I’ve been using alpakka kafka to streaming data from kafka topics. I’m using:
Consumer
.committableSource(consumerSettings, Subscriptions.topics(topic))
Recently I’ve tried to spam more consumers like 3 on a topic which has 15 partitions. When I plug more consumers with the same group id, it kindly split 5 partitions per consumer, but it seems to do not consume all partitions at the same time, it seems to read one by one, or read a specific partition much faster than others.

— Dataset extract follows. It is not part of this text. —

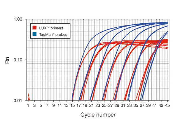 圖2.擴增曲線顯示了設置不當的基線 (A) 和設置正確的基線 (B)。閾值的設置Applied Biosystems?提供兩種閾值設置方法:自動和手動。自動設置中,軟件將自動選擇閾值,此閾值更適合平臺更高的曲線(圖3中的藍色曲線)。然而這將導致此數據組中的紅色曲線的 Ct 值出現偏差,因為其至佳閾值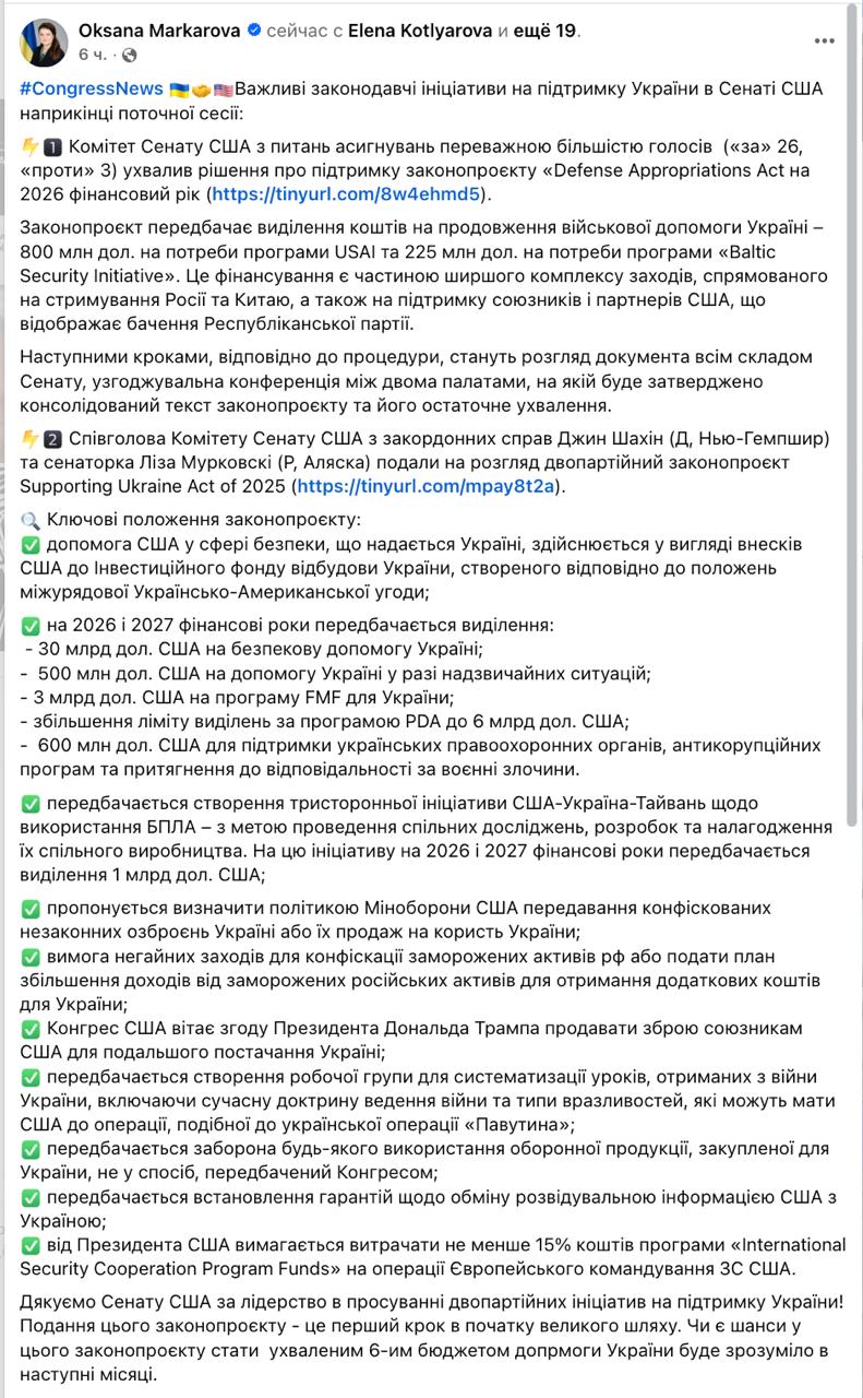 Также Маркарова пишет, что в комитете иностранных дел представили двухпартийный законопроект, которым предлагается выделить Украине в 2026 и 2027 годах 30 млрд долл. на прямую военную помощь, 500 млн на случай чрезвычайных ситуаций, 600 млн на правоохранительные органы, антикоррупционные программы и привлечение к ответственности за военные преступления.

|Partition|LogSize |Consumer Offset|Lag |
|0 |8,429,145| 6,087,144|2,342,001|
|1 |8,424,948| 6,223,257|2,201,691|
|2 |8,428,121| 7,764,854| 663,267|
|3 |8,421,528| 6,071,425|2,350,103|
|4 |8,434,659| 7,351,552|1,083,107|
|5 |8,428,323| 5,935,336|2,492,987|
|6 |8,424,974| 6,455,301|1,969,673|
|7 |8,431,820| 7,763,984| 667,836|
|8 |8,425,999| 6,370,962|2,055,037|
|9 |8,416,354| 6,681,093|1,735,261|
|10 |8,416,217| 6,814,949|1,601,268|
|11 |8,428,026| 5,878,703|2,549,323|
|12 |8,424,604| 8,424,589| 15|
|13 |8,431,019| 8,431,019| 0|
|14 |8,423,218| 8,423,218| 0|
Here is a real example of a production application I’m running. So I have some questions:
Is it ok to read some partitions much faster than others?
Please, note that this behavior only happens when I start more than one consumer.
Should I change the way I’m consuming? Should I use source per partition, or is there a different option?
Update
I was suspecting that it could happen when plugging more than one consumer(read more than one application), but it happened today using only one consumer, you can see by taking a look at the consumer group, which is the same.
At the time it happened, I had 20MM of messages still waiting to be processed(lag). The above picture is a picture taken from the Kafka manager we have at the company.